◆ **Your objective**
Each line of the data below between the one containing "- Kattopanelointi haapaa, seinälaatat" and the one containing "За минувшие сутки", both included, is to be repeated exactly. Please omit pictures.
________
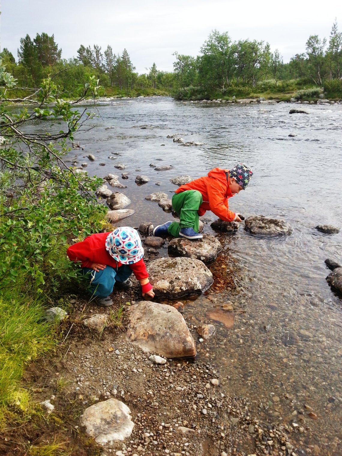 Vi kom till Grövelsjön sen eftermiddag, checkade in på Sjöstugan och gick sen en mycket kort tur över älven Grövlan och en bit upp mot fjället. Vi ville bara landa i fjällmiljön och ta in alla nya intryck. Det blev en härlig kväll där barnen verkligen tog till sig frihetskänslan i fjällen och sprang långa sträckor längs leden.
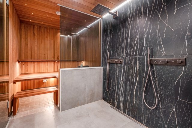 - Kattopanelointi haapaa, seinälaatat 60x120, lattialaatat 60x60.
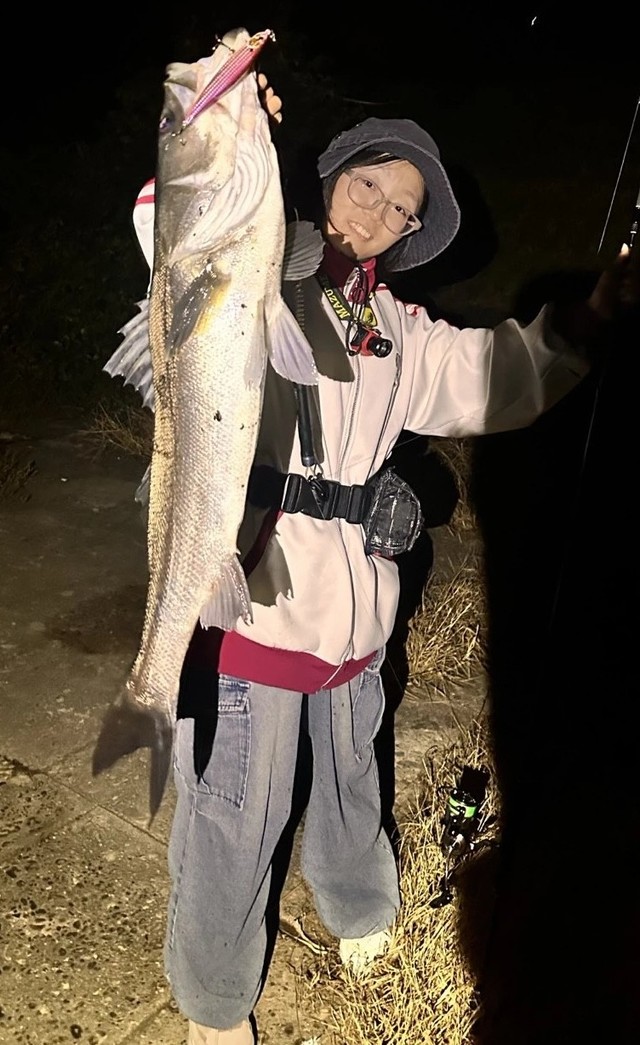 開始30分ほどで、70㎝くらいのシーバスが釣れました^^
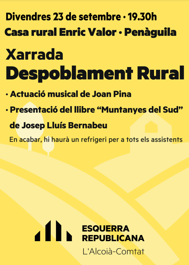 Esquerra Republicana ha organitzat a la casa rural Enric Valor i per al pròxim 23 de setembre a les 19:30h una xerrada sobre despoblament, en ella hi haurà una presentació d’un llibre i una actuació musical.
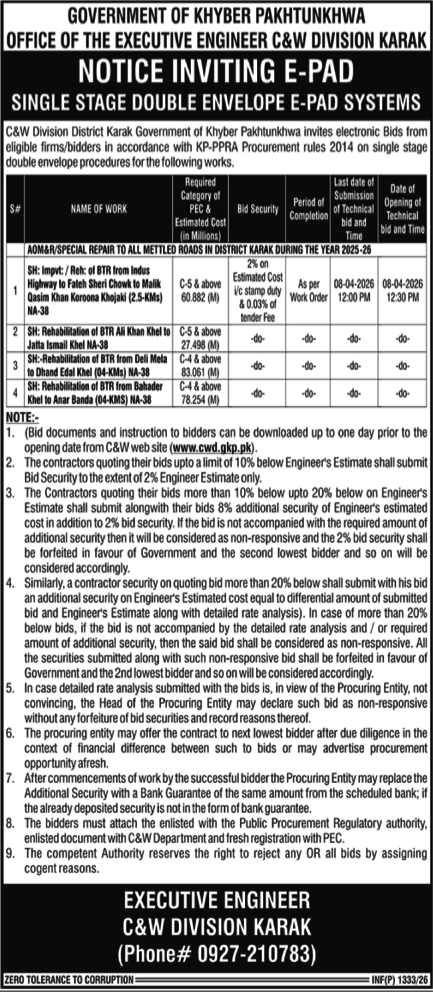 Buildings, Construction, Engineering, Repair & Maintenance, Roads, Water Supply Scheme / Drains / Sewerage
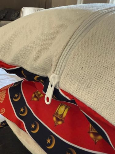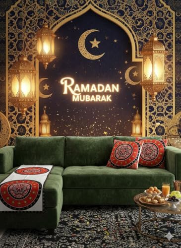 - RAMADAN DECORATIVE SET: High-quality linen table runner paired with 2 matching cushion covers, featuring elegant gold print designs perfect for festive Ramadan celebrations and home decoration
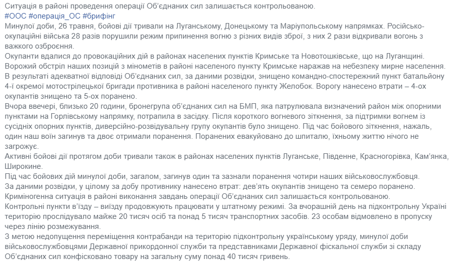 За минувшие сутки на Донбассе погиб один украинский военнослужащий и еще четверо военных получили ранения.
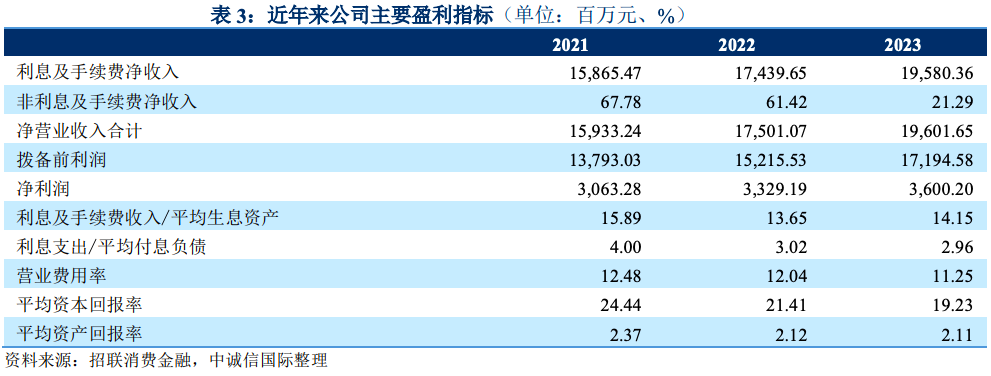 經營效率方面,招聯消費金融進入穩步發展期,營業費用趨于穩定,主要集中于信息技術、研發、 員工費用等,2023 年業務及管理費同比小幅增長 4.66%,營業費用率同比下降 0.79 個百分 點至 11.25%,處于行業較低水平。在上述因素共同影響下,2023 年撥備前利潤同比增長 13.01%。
________
◆ **Solution**
 - Kattopanelointi haapaa, seinälaatat 60x120, lattialaatat 60x60.
 開始30分ほどで、70㎝くらいのシーバスが釣れました^^
 Esquerra Republicana ha organitzat a la casa rural Enric Valor i per al pròxim 23 de setembre a les 19:30h una xerrada sobre despoblament, en ella hi haurà una presentació d’un llibre i una actuació musical.
 Buildings, Construction, Engineering, Repair & Maintenance, Roads, Water Supply Scheme / Drains / Sewerage
 - RAMADAN DECORATIVE SET: High-quality linen table runner paired with 2 matching cushion covers, featuring elegant gold print designs perfect for festive Ramadan celebrations and home decoration
 За минувшие сутки на Донбассе погиб один украинский военнослужащий и еще четверо военных получили ранения.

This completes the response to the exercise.